Denileukine Diftitox for Relapsed ALCL

Status:
Withdrawn
Trial end date:
2012-06-01
Target enrollment:
0
Participant gender:
All
Summary
The purpose of this study is to determine is Denileukin diftitox will be safe, well tolerated and induce a significant overall response alone and in combination with chemotherapy: ifosfamide, carboplatin and etoposide (ICE) and will be safe and well tolerated in a population of children, adolescents and young adults with relapsed or refractory anaplastic large cell lymphoma (ALCL).
Phase:
Phase 2
Accepts Healthy Volunteers?
No
Details
Lead Sponsor:
Columbia University
Treatments:
Cyclophosphamide
Denileukin diftitox
Etoposide
Etoposide phosphate
Ifosfamide
Interleukin-2
Isophosphamide mustard
Criteria
Inclusion Criteria:

- Age: Patients must be ≥ 2.00 year and ≤ 24.99 years of age at the time of study entry.

- Diagnosis:

Patients must have previous histologic verification of anaplastic large cell lymphoma
(ALCL). Patients must be in first, second or third relapse or initial induction failure.

- Disease Status: Patients must have measurable radiographic disease.

- Performance Level: Karnofsky > 60% for patients > 16 years of age and Lansky > 60 for
patients <16 years of age. Patients who are unable to walk because of paralysis, but who
are up in a wheelchair, will be considered ambulatory for the purpose of assessing the
performance score.

- Prior Therapy

Patients must have fully recovered from the acute toxic effects of all prior chemotherapy,
immunotherapy, or radiotherapy prior to entering this study. Patients who are
post-allogeneic transplant should be off immunosuppressive agents prior to starting
therapy. Steroid doses should also be stable or decreasing for at least 1 week prior to
starting therapy.

Myelosuppressive chemotherapy: Must not have received within 2 weeks of entry onto this
study (6 weeks if prior nitrosourea).

Biologic (anti-neoplastic agent): At least 7 days since the completion of therapy with a
biologic agent. For agents that have known adverse events occurring beyond 7 days after
administration, this period must be extended beyond the time during which adverse events
are known to occur.

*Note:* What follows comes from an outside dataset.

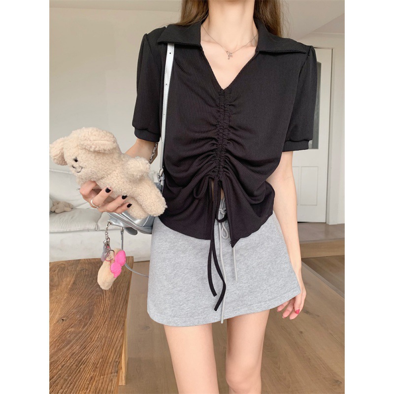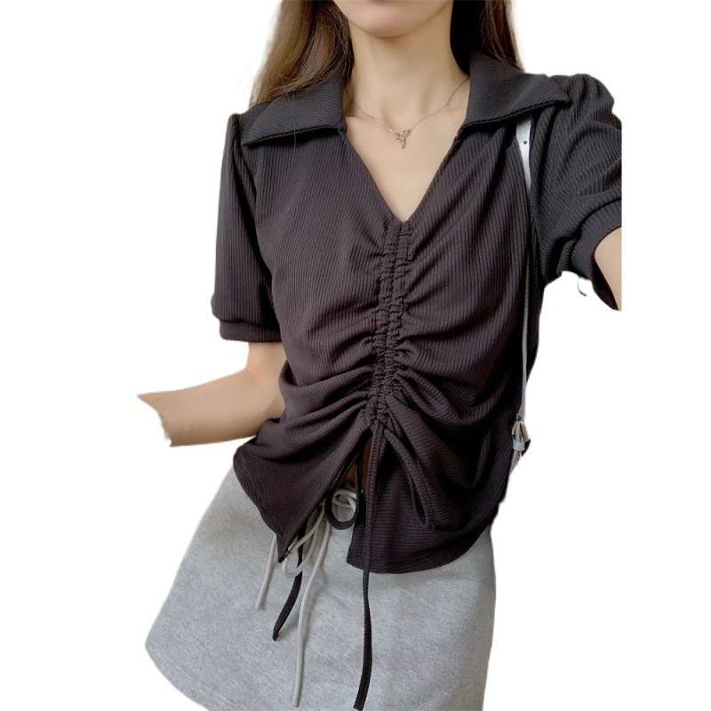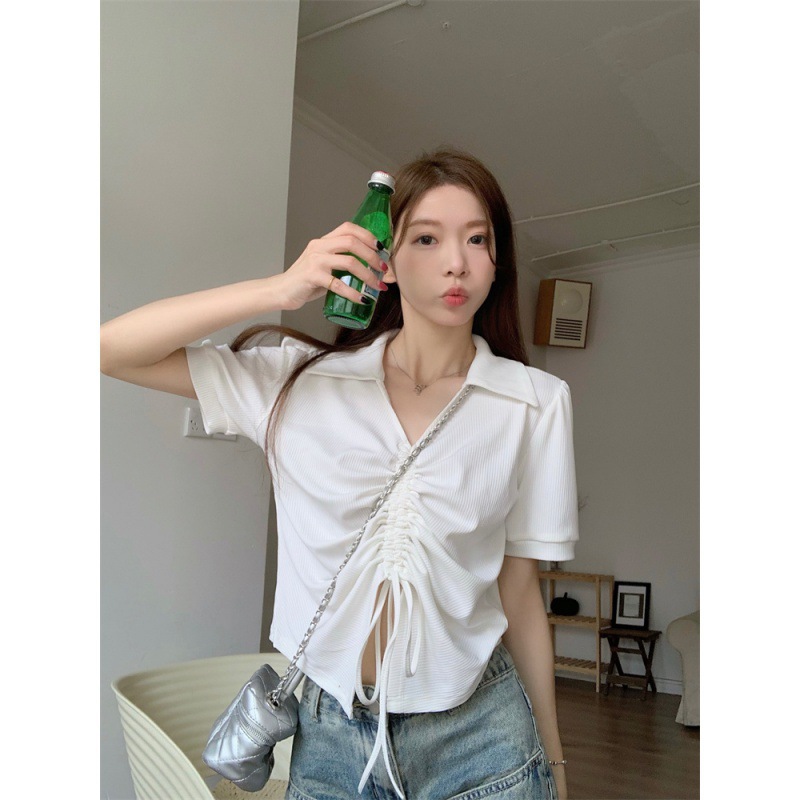 | nameOriginal | plus size Drawstring Polo Collar Short-sleeved T-shirt Women's 2024 Summer Sweet and Hot Loose Slimming Belly Covering Age-reducing Short Top |

These patients must be discussed with the Study Chair on a case-by-case
basis.

XRT: > 2 wks for local palliative XRT (small port); > 2 months must have elapsed if prior
TBI, craniospinal XRT or if > 50% radiation of pelvis; > 6 wks must have elapsed if other
substantial BM radiation.

Stem Cell Transplant or Rescue: No evidence of active graft vs. host disease and > 2 months
must have elapsed since SCT.

Patients may not have received prior therapy with Denileukin Diftitox

- Organ Function Requirements

Adequate Bone Marrow Function Defined As:

1. For patients without bone marrow involvement:

- Peripheral absolute neutrophil count (ANC) > 1,000

- Platelet count > 100,000 (transfusion independent)

- Hemoglobin > 8.0 gm (RBC transfusion independent)

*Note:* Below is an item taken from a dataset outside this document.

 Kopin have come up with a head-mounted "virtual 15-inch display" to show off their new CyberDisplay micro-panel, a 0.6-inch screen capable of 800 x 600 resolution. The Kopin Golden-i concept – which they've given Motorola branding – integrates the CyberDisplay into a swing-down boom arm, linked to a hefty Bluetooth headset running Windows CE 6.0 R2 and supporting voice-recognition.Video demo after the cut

2. For patients with bone marrow involvement:

- Peripheral absolute neutrophil count (ANC) > 1,0

- Platelet count > 20,000 (may receive platelet transfusions)

- Hemoglobin > 8.0 (may receive RBC transfusions)

Adequate Renal Function Defined As:

Creatinine clearance or radioisotope GFR 70mL/min/1.73m2

OR

A serum/plasma creatinine GFR calculation using the Schwartz formula (Schwartz et al. J.
Peds, 106:522, 1985)

Estimated Creatinine Clearance (in mL/min/1.73 m2) = (k)(L)/Pcr

Where L = child's length in cm Pcr = plasma (or serum) creatinine (in mg/dL)

k Values = 0.33 low birth weight infant 0.45 term infant 0.55 child 0.55 adolescent female
0.70 adolescent male

Adequate Liver Function Defined As:

- Bilirubin (sum of conjugated + unconjugated) < 1.5 x upper limit of normal (ULN) for
age, and

- SGPT (ALT) < 3 x upper limit of normal (ULN) for age

- Serum albumin > 2 g/dL.

Exclusion Criteria:

- Patients must not be currently receiving another investigational drug.

- Patients must not be currently receiving other anti-cancer agents.

- Patients must have a negative pregnancy test and Nursing mothers must agree not to
breast-feed.

- Patients who have a documented uncontrolled infection requiring IV antibiotics

- Patients with CNS disease are not eligible.